For me, it’s absolutely not a conscious choice, and it hasn’t changed
depending on the level of stress I’ve been under, and I’ve tried all sorts of
things across living in three different places over the years...

I eventually found sleep science research that suggests that it is just
extremely difficult to go against your natural circadian rhythm.

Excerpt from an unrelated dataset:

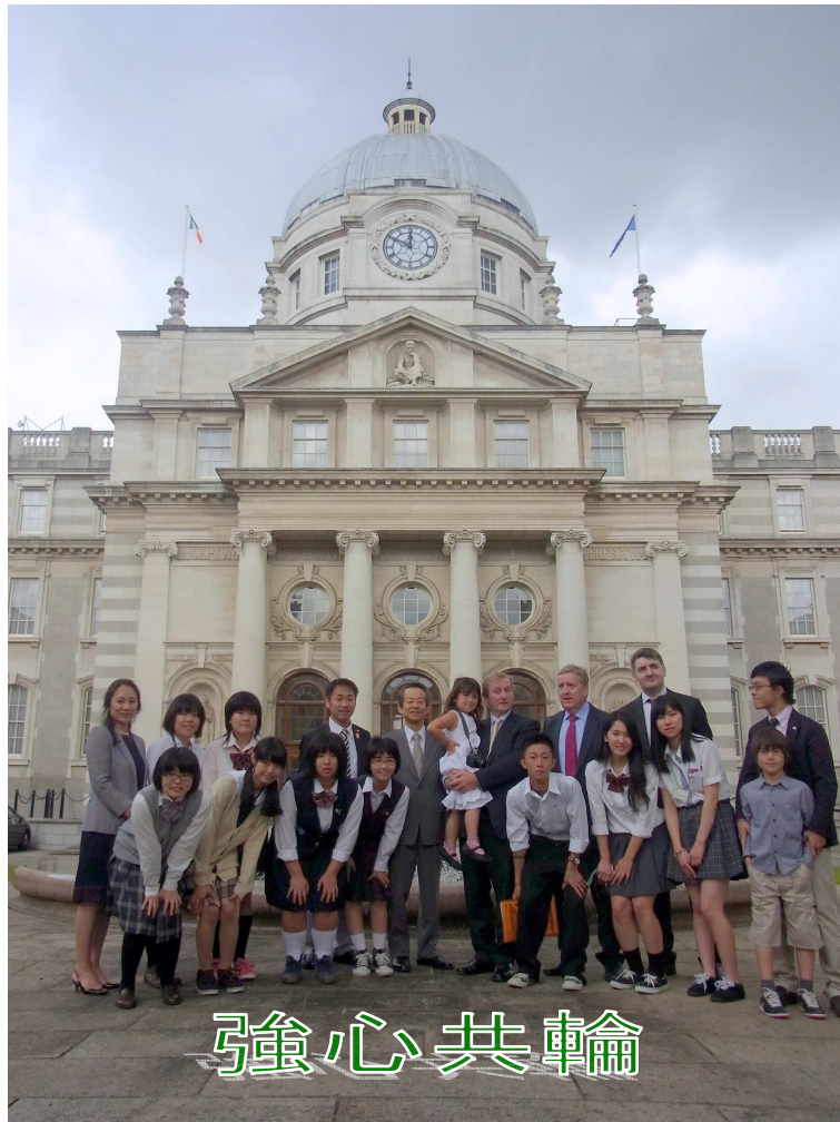
ceremonial photograph with Enda Kenny, the Taoiseach @the prime minister's office

I guess the
problem for delayed people (and if I recall the statistics correctly, the
severity of my sleep cycle delay is such that it only affects something like
2-5% of adults, but I think more than 10 or 20 percent of adolescents) is that
anyone can be lazy and sleep in, but it’s far, far harder to go the other way
- so the majority of the population with a normal or early cycle can just go
to bed earlier and function normally waking up earlier, but it doesn’t work
for everyone.

------
misterbowfinger
original paper:

[https://www.nature.com/articles/s41598-018-23044-8](https://www.nature.com/articles/s41598-018-23044-8)

abstract:

Misalignments between endogenous circadian rhythms and the built environment
(i.e., social jet lag, SJL) result in learning and attention deficits.
Currently, there is no way to assess the impact of SJL on learning outcomes of
large populations as a response to schedule choices, let alone to assess which
individuals are most negatively impacted by these choices. We analyzed two
years of learning management system login events for 14,894 Northeastern
Illinois University (NEIU) students to investigate the capacity of such
systems as tools for mapping the impact of SJL over large populations while
maintaining the ability to generate insights about individuals. Personal daily
activity profiles were validated against known biological timing effects, and
revealed a majority of students experience more than 30 minutes of SJL on
average, with greater amplitude correlating strongly with a significant
decrease in academic performance, especially in people with later apparent
chronotypes. Our findings demonstrate that online records can be used to map
individual- and population-level SJL, allow deep mining for patterns across
demographics, and could guide schedule choices in an effort to minimize SJL’s
negative impact on learning outcomes.

------
sk1pper
Isn’t your chronotype fairly mutable though? With some dedication and a couple
weeks you can adjust to waking up whenever. Especially at college age.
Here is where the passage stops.